Proving the primality of a quadratic over the natural numbers

[mathworker]

is there any way to prove or disprove the statement:
y=3x^2+3x+1 is prime for all x belongs to natural numbers...

 

[Fernando Revilla]

Re: help!

is there any way to prove or disprove the statement:
y=3x^2+3x+1 is prime for all x belongs to natural numbers...

Yes, use the following theorem (Goldbach 1752):

If $f\in\mathbb{Z}[x]$ has the property that $f(n)$ is prime for all $n\ge 1$, then $f$ must be a constant.

 

[chisigma]

Re: help!

is there any way to prove or disprove the statement:
y=3x^2+3x+1 is prime for all x belongs to natural numbers...

Is...

$$ y = 3\ (x-x_{1})\ (x-x_{2})\ (1)$$

... where $x_{1}$ and $x_{2}$ are the roots of the equation $x^{2} + x + \frac{1}{3} = 0$. The discriminat is <0, so that no real roots exists and that means that no real factor of y in (1) exists...

Kind regards

$\chi$ $\sigma$

 

[Fernando Revilla]

Re: help!

Is...

$$ y = 3\ (x-x_{1})\ (x-x_{2})\ (1)$$

... where $x_{1}$ and $x_{2}$ are the roots of the equation $x^{2} + x + \frac{1}{3} = 0$. The discriminat is <0, so that no real roots exists and that means that no real factor of y in (1) exists...

Kind regards

$\chi$ $\sigma$

I don't undesrtand.

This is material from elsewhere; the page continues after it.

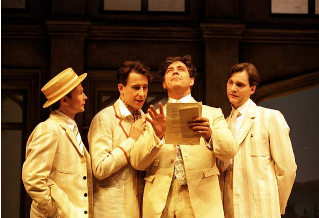
Figure 14. Royal Shakespeare Company, Judge/Gunter, January 1995.

"Ferdinand," "Berowne," "Longaville," "Dumaine." URL:

We have $y(x)=3(x-a)(x-\bar{a})$ with $a=(-3+\sqrt{3}i)/6$, however $y(n)=3(n-a)(n-\bar{a})$ could be composite or prime.

 

[mathworker]

Re: help!

Is...

$$ y = 3\ (x-x_{1})\ (x-x_{2})\ (1)$$

... where $x_{1}$ and $x_{2}$ are the roots of the equation $x^{2} + x + \frac{1}{3} = 0$. The discriminant is <0, so that no real roots exists and that means that no real factor of y in (1) exists...

Kind regards

$\chi$ $\sigma$

but if we consider x^2+x+1=y whose discriminant too is less than zero..
for x=4 it gives 21 which is not prime...

 

[mathworker]

Re: help!

Yes, use the following theorem (Goldbach 1752):

If $f\in\mathbb{Z}[x]$ has the property that $f(n)$ is prime for all $n\ge 1$, then $f$ must be a constant.

but given function is not constant and i checked y =f(X) for some numbers and found it prime every time

 

[PaulRS]

Re: help!

but given function is not constant and i checked y =f(X) for some numbers and found it prime every time

$$3\cdot 5^2 + 3\cdot 5 + 1 = 91 = 7\cdot 13$$ this is the smallest non-prime value.

Nonconstant polynomials can't be forever prime, indeed suppose $$f(x)=a_n\cdot x^n +\ldots + a_1\cdot x^1 + a_0$$

Then imagine it were always prime, and then $$f(x)-f(y)=a_n\cdot (x^n-y^n)+\ldots + a_1\cdot (x-y)$$ right?

Well, clearly $$x-y$$ divides $$x^n-y^n=(x-y)\cdot \left(x^{n-1}+x^{n-2}y+\ldots +x y^{n-2}+y^{n-1}\right)$$ for each $$n$$, and so $$(x-y)|(f(x)-f(y))$$

Thus if $$p$$ were a prime dividing $$f(r)$$ for some $$r\geq 1$$, we have $$\left( (k\cdot p + r) - r\right) | \left( f(k\cdot p + r) - f(r) \right)$$ for each $$k$$ and so, since $$p|f(r)$$, it follows that $$p | f(p\cdot k+r)$$ for each $$k\geq 1$$.
But $$f(p\cdot k+r)$$ for $$k\geq 1$$ can't all equal $$p$$, since $$f$$ would otherwise have to be constant. Hence some $$f(k\cdot p + r)$$ must be composite.

So with this construction in mind we could note that $$f(1)=7$$, and so $$f(7\cdot k + 1)$$ is nonprime for some $$k\geq 1$$, check for instance $$f(8)=217$$ which, as we saw, must be a multiple of $$7$$.

 

[Fernando Revilla]

Re: help!

i checked y =f(X) for some numbers and found it prime every time

For some, but not for all. :)

 

[mathworker]

Re: help!

For some, but not for all. :)

thank you for providing the theorem and quick reply...:D